I have a function $f:[-1,1]\rightarrow\mathbb{R}$ which can derives twice and I have $f(0)=0$ and $f(-1)+f(1)>0$. I want to prove that exists $x_0\in(-1,1)$ for which is true that: $$f''(x_0)>\frac{1}{2}(f(-1)+f(1))$$
So, using the Mean Value Theorem (in $f$) I get that:
- exists $x_1\in(-1,0)$ for which is true that $f'(x_1)=-f(-1)$
- exists $x_2\in(0,1)$ for which is true that $f'(x_2)=f(1)$
Now, using again the Mean Value Theorem (in $f'$) I get that: exists $x\in(x_1,x_2)$ for which is true that: $$f''(x)=\frac{f(1)+f(-1)}{x_2-x_1}>0$$ But how can I prove the thing that I want?
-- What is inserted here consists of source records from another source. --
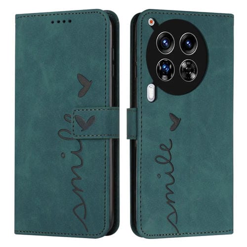Funda para Tecno Camon 30 4G / 5G Skin Feel Heart Cuero En Relieve con Cordón Largo (Verde)
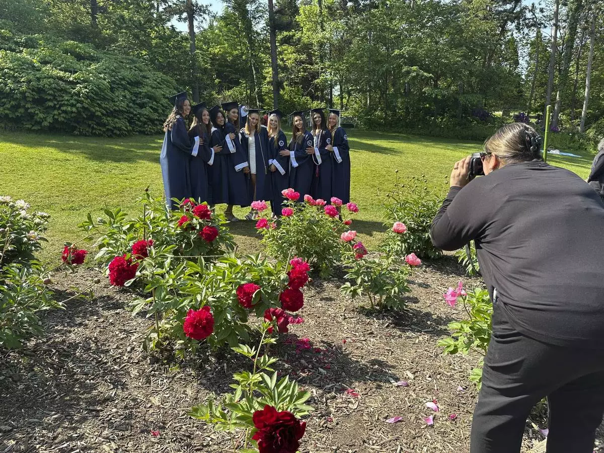 Soon-to-be high school graduates pose for photos among the peonies at Nichols Arboretum's W.E. Upjohn Peony Garden, Monday, June 2, 2025, in Ann Arbor, Mich. (AP Photo/Mike Householder)
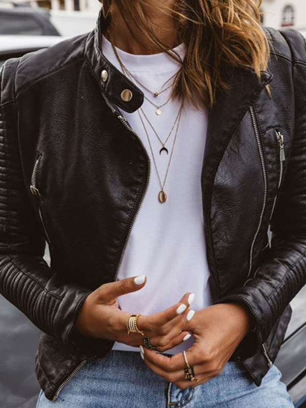 Vintage Pleated Zipper Leather Jacket
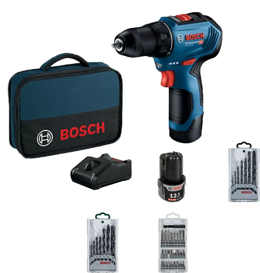 Aku. bušilica odvrtač Bosch GSR 12V-30 + 39-delni set
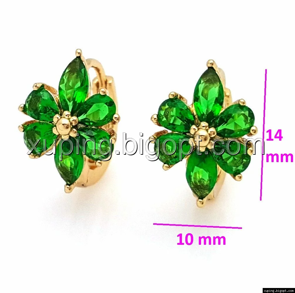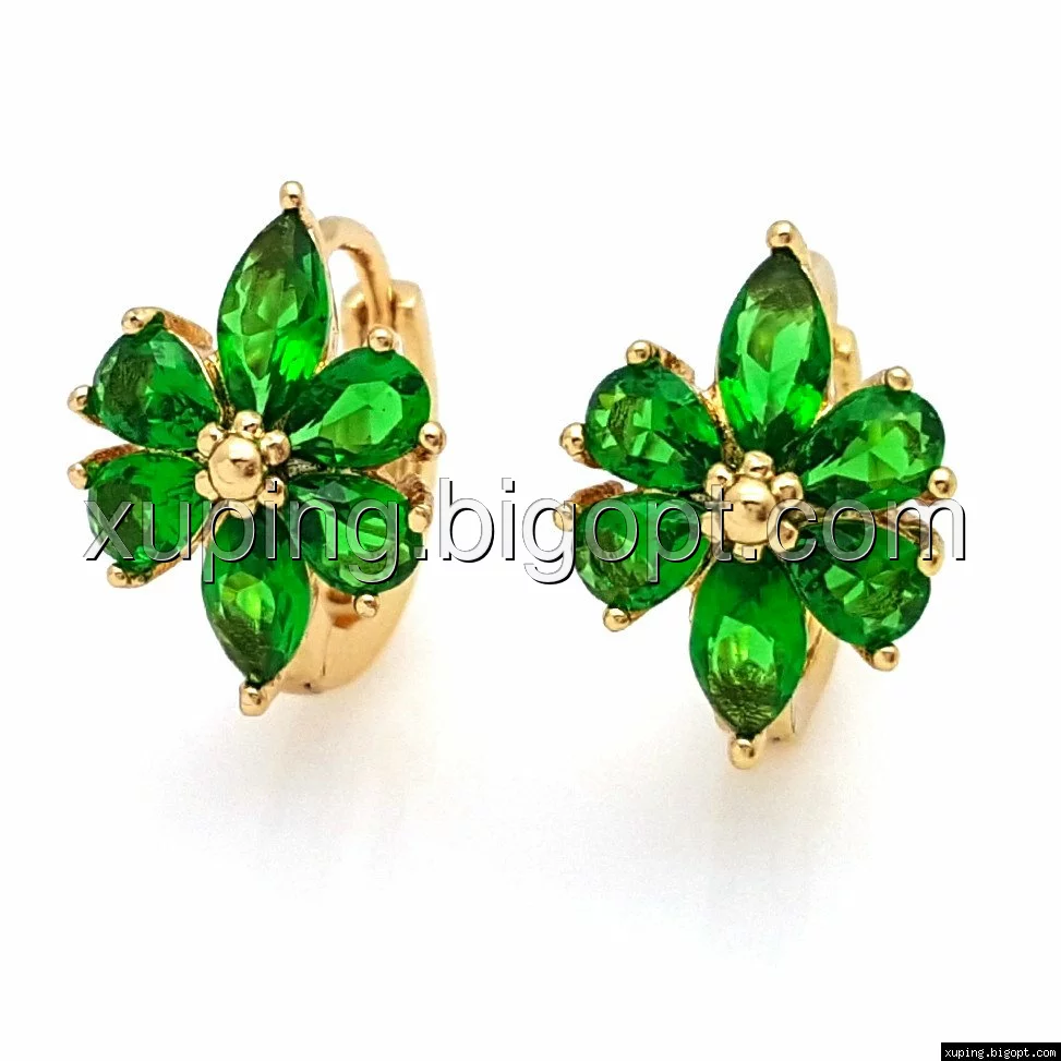 Серьги позолота Xuping, Волшебный Цветок, с зеленым цирконием
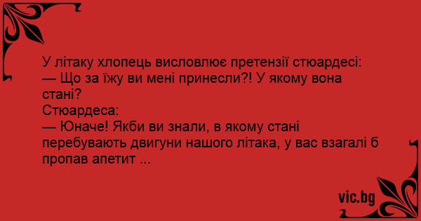 — Юначе! Якби ви знали, в якому стані перебувають двигуни нашого літака, у вас взагалі б пропав апетит ...
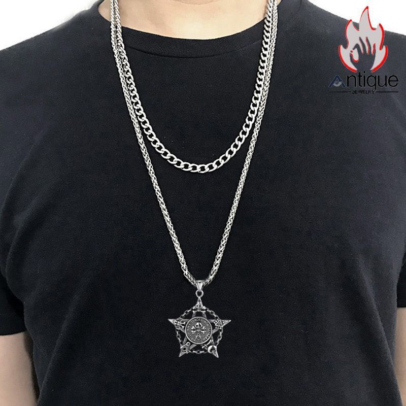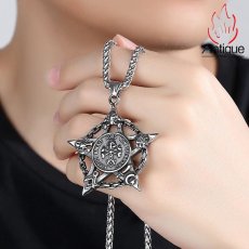 Antique Jewelry タングステンスチール ヴィンテージ舵輪ネックレス 男女兼用 ペンタグラムペンダント 学生向け贈り物

Put $g(x)=\frac{f(x)+f(-x)}{2}$, with $x\in [0,1]$. We have $g(0)=0$, $g(1)=\frac{f(1)+f(-1)}{2}$, hence there exists $c\in (0,1)$ such that $g(1)=g(1)-g(0)=g^{\prime}(c)$. Now $2g^{\prime}(c)=f^{\prime}(c)-f^{\prime}(-c)=2cf^{\prime\prime}(d)$, with $-c<d<c$, hence $\frac{f(1)+f(-1)}{2}=cf^{\prime\prime}(d)$. Now as $\frac{f(1)+f(-1)}{2}>0$ and $c>0$, we have $f^{\prime\prime}(d)>0$, and as $c<1$, we get $\frac{f(1)+f(-1)}{2}<f^{\prime\prime}(d)$.